As carriers excluded uninsurable individuals and businesses, and as costs escalated for everyone, other forms of health coverage evolved. One was the so-called “multiple employer welfare arrangement”--a self-insured health plan subscribed to by numerous small businesses. MEWAs include both phony insurers and health plans operated by non-fraudulent, but frequently undercapitalized, small business associations.

The American health insurance market has become highly fragmented and often does not provide insurance at all. Except in states such as California that have enacted limited reforms, insurance companies can reject customers at will, or charge business owners low introductory rates then raise premiums or cancel coverage if employees become really sick.

We have not one insurance market, but many: one for the entrepreneur who must pay thousands of dollars more for health insurance than he did in his corporate job; another for the kidney patient who could obtain an insurance policy only from a scam insurer that left her owing hundreds of thousands of dollars in medical bills; another for the white collar businessman whose membership in a professional association gives him comprehensive health insurance at below-market rates, and another for the convenience store owners whose insurance premiums are becoming unaffordable because their insurer gives great deals to big associations.

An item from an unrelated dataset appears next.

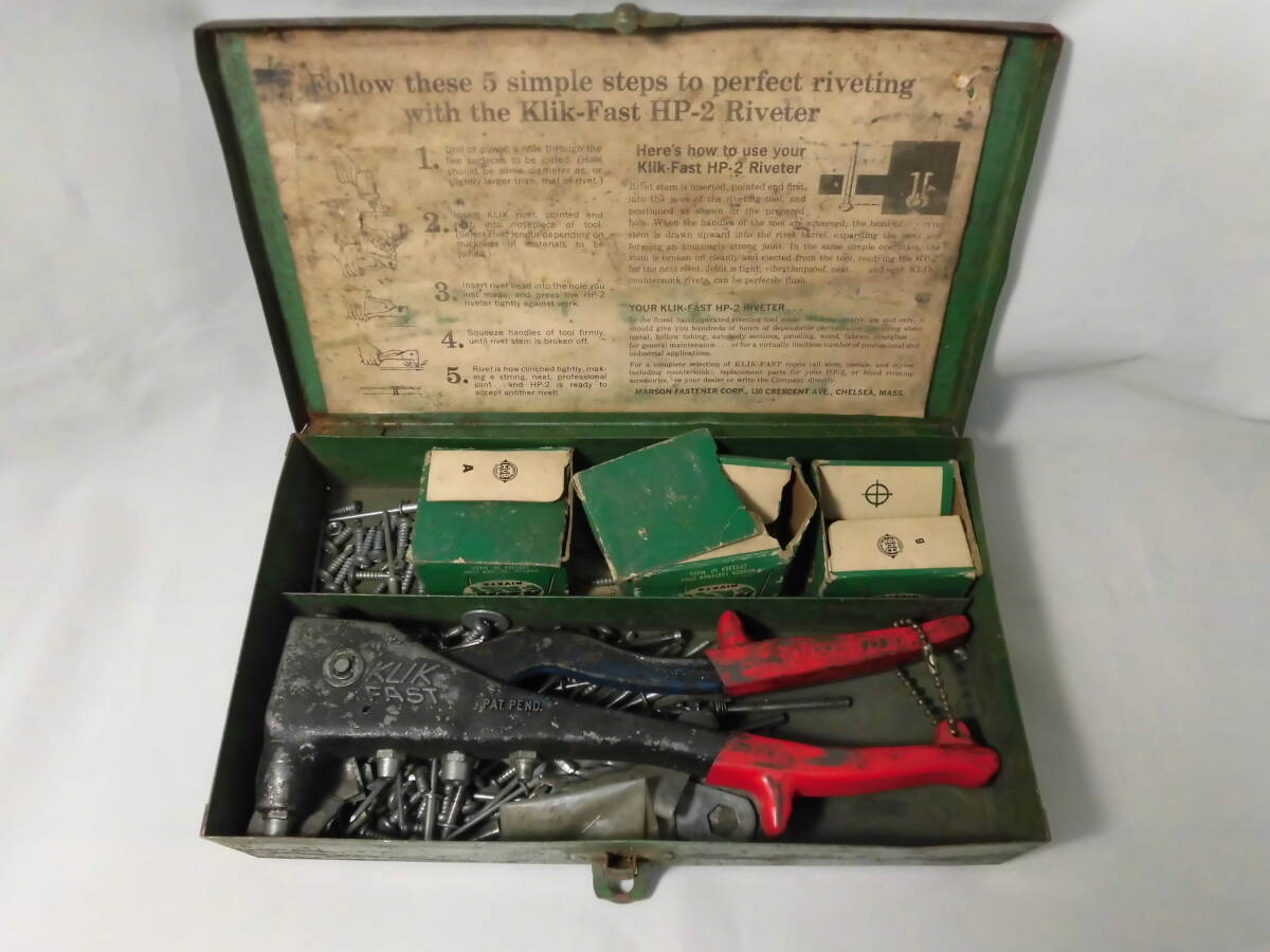 - ビンテージ ハンド リベッター KLIK FAST MARSON スチールボックス付 ガレージ 古工具 錆 レトロ インテリア インダストリアル

To address this travesty nationally, Congress must adopt market reforms that include community rating with no special deals. As a matter of simple arithmetic, special deals for selected groups necessarily drive up rates for everyone else.

Some proposals before Congress would reinforce market fragmentation and could undermine reforms already implemented in California. For example, the Senate “mainstream coalition” bill would permit many small businesses to escape community rating by self-insuring, insurers to give special deals to trade associations and self-insured MEWAs to operate.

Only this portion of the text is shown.